Dimyat'a pirince giderken, evdeki bulgurdan olmak da olasılık dahilindedir...
Su kaynakları çok kıt olan, insanların su için birbirini öldürdüğü, birbirinin boğazını kestiği, peygamberlerin ve sahte peygamberlerin coğrafyası Orta Doğu bir türlü insan kanına doymadı ve ne yazık ki doyacağı da yok!...Değişik kaynaklarda Suriye iç savaşının 600 bin ila 1 milyon insanın ölümüne yol açtığı belirtiliyor...
1975-1990 Lübnan iç savaşı, 1979'da 130 bin Rus askerinin Afganistan'ı işgali, 1978-1979 İran iç savaşı, 1980-88 İran Irak savaşı, 1981'de Irak'ın atom bombası üretim projesinin imhası, 1990'da Irak'ın Kuveyt'i işgali, 1990-1991 Irak'ın uluslararası koalisyon ordusu tarafından Kuveyt'ten çıkarılması, 2011'de Suriye ve Libya'da iç savaş çıkarılması, Saddam Hüseyin'in (1937-2006), Kaddafi'nin (1942-2011) öldürülmeleri ve ülkelerinin kaosa sürüklenmesi coğrafya kaderdir, prangadır, baş belasıdır, "coğrafya pandora'nın kutusudur" söylemine yol açtı...
2011'de milyonlarca Suriyeli, Beşar Esad ordusunun asker kaçağı durumuna düştüğünde Avrupa birliği önlenemez, önüne geçilemez bir kavimler göçüyle karşı karşıya kaldı...Ve Suriyeliler, Afganlılar, sınırlarındaki mayınlar temizlenen Türkiye'ye zimmetlendi...

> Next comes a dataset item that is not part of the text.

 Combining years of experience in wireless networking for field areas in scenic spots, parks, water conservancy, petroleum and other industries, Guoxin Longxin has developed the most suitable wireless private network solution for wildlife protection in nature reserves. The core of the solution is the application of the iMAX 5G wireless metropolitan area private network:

2001-2021 döneminde Afganistan'da ABD ordusu işgali yaşandı ve sonuçta ABD ülkeyi Taliban'a teslim etti...ABD'nin 7 Ekim 2001'de başlayan Afganistan'daki varlığı, 20 yılın ardından 31 Ağustos 2021'de ABD askerlerinin Afganistan'dan çekilme sürecinin tamamlanmasıyla sona erdi.

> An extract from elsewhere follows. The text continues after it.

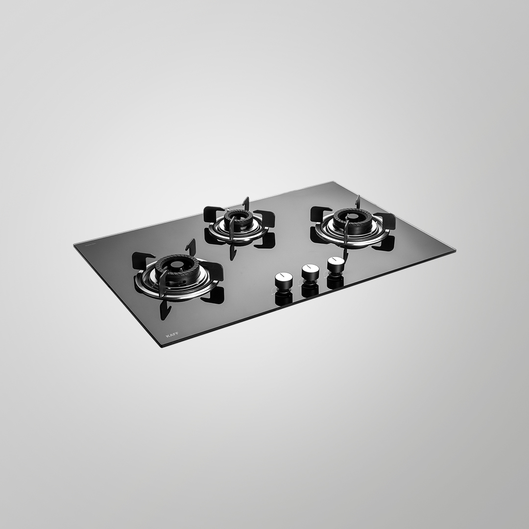 The KAFF CRH 783 is a stylish and high-performance built-in hob designed for modern kitchens. It features three efficient black coated tornado style burners, including two triple ring burners for powerful cooking and one dual ring burner for precise heat control. The auto ignition system ensures hassle-free lighting, while the durable metal knobs offer a premium feel and reliable control. The hob is built with an 8mm thick black tempered glass surface that adds elegance and is easy to clean. Complemented by a stainless steel drip tray and matt enameled pan supports, it provides sturdy and safe cooking experience.

ABD başkanı Joe Biden, Afganistan savaşının ABD hazinesine toplam maliyeti için iki ayrı rakamdan bahsetti:
"Afganistan'da 2 trilyon dolardan fazla harcama yapıldıktan sonra... [ya da] birçok kişinin söylediği gibi 1 trilyon dolar rakamını da alabilirsiniz," dedi...

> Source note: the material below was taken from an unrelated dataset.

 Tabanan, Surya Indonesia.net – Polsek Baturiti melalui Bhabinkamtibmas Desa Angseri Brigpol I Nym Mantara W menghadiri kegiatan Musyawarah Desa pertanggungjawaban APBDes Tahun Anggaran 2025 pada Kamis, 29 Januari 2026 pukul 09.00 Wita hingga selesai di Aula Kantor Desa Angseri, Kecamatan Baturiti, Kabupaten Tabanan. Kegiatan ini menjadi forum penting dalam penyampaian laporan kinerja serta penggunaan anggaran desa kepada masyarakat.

ABD'nin Taliban ile mücadele ve yeniden yapılanmayı finanse etmek için milyarlarca dolar harcamasıyla birlikte Afganistan'daki asker sayısı arttı ve 2011 yılında Afganistandaki Amerikalı asker sayısı yaklaşık 110.000'e ulaştı.
ABD başkan yardımcısı Kamala Harris: Başkan Biden'ın Afganistan'dan çekilme kararına katılıyorum.Joe Biden bunu yaptı. Bu kararın bir sonucu olarak ABD'li vergi mükellefleri, bu sonu gelmeyen savaşı sürdürmek için ödediğimiz günlük 300 milyon doları artık ödemiyor" ifadelerini kullandı.
Cumhurbaşkanı Recep Tayyip Erdoğan, Kuzey Kıbrıs KKTC ziyareti öncesi yaptığı açıklamada “Türkiye’nin Taliban’ın inancıyla alakalı ters bir yanı yok. Daha iyi anlaşabileceğimize ihtimal veriyorum” dedi...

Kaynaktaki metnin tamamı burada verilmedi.